When data items characterized by functions are repeatedly observed over time, they are known as FTS. Research on FTS has mostly concentrated on applying low-dimensional multivariate time series (ts) or univariate ts techniques to the functional domain. Recent advancements in FTS analysis have addressed various challenges such as modeling long-range dependence [11], developing predictive methods for high-dimensional data [12], and incorporating functional principal components in time series forecasting [13, 14]. Due to the quick advancement of data collection technology, high-dimensional FTS datasets are becoming more and more prevalent. PM10 trajectories [15] gathered at various measuring stations, daily electricity load curves [16] for numerous households, cumulative intraday return trajectories [17] for a group of stocks, and functional volatility processes [18] for a collection of stocks are a few examples. Recent advancements in FTS include the following: zamani et al. [19], Meintanis et al. [20], Chang et al. [21], and Baek et al. [22]. Further research is necessary because the functional data analysis (FDA) application for AT and precipitation is uncommon. We used data from 2015 to 2021 to train a first-order FAR model with AT as the input. To check how well the model worked, the two accuracy metrics, rooted mean square error (RMSE) and mean absolute percentage error (MAPE), are used to check the model's performance. The paper is structured as follows: The rest of the paper is structured as follows: Section 2 provides an overview of the preliminaries of the functional model, focusing on the application of the FAR(1), ANN, NNAR, and SVM models for FTS forecasting. Section 3 describes the dataset and the results, including a discussion on model performance and forecast accuracy. The paper concludes with Section 4, which summarizes the significant findings, addresses limitations, and suggests future research areas.

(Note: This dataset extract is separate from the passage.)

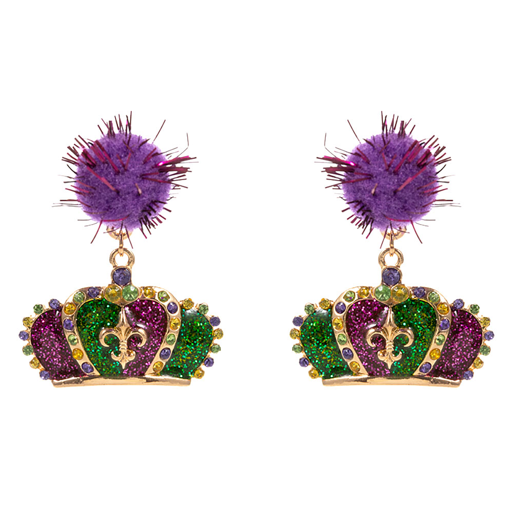 Details • Size : 1.25" X 1.5" • Titanium Post Back • Turn heads this carnival season with these Mardi Gras Crown Pom Pom Drop Earrings. Featuring sparkling crown charms and playful pom details, they perfectly capture the festive spirit, making them ideal for parades, parties, and themed celebrations. • Lead and Nickel Compliant • Hypoallergenic
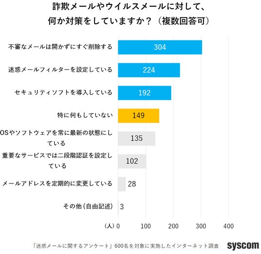 「不審なメールは開かずにすぐ削除する」が304人でトップ、「迷惑メールフィルターを設定している」が224人で2位、「セキュリティソフトを導入している」が192人で3位でした。

2 Functional data analysis

The name FDA was initially used by Ramsay [23]. The FDA framework has expanded and modified several traditional statistical techniques [24]. The FDA provides a way to analyze data that is not merely discrete observations but represented as curves, forms, or patterns. This method works exceptionally well when dealing with data that varies gradually over time or space [25]. Functional data are typically observed at discrete time points, often with high frequency, which facilitates their representation as functional objects through appropriate smoothing or basis function expansion.

\begin{array}{l} Y (i) = \sum_{j = 1}^{J} α_{j} ψ_{j} (i),, i \in I & (1) \end{array}

Where Y(i) denotes the functional observation at point i, ${ψ_{j} (i)}_{j = 1}^{J}$ are predefined basis functions (e.g., B-splines, Fourier, or wavelets), and α_j∈ℝ are the associated basis coefficients. We assume that each ψ_j belongs to a real separable Hilbert space $H = L^{2} (I)$ , the space of square-integrable functions over a compact domain I⊂ℝ, endowed with the inner product:

〈 f, g 〉 = \int_{I} f (i) g (i) d i .

In this framework, $Y (i) \in H$ , and the basis expansion allows for a finite-dimensional approximation of functional data. The number of basis functions will primarily care for the FDA concern. Generally, to optimally choose the number of basis functions, a penalized residual sum of squares criterion is employed. This criterion smoothens the curve while preventing it from yielding an insufficient fit to the data. Argument values refer to the discretized locations in the I domain where the function is evaluated [25]. Researchers often use popular mathematical functions, such as exponential, B-spline, Fourier, and polynomial models to handle various data types. The choice depends on the data's characteristics; for instance, B-splines work well for non-periodic data, while Fourier functions are better suited for periodic patterns. Given the periodic nature of the data in our study, we decided to employ the Fourier basis approach.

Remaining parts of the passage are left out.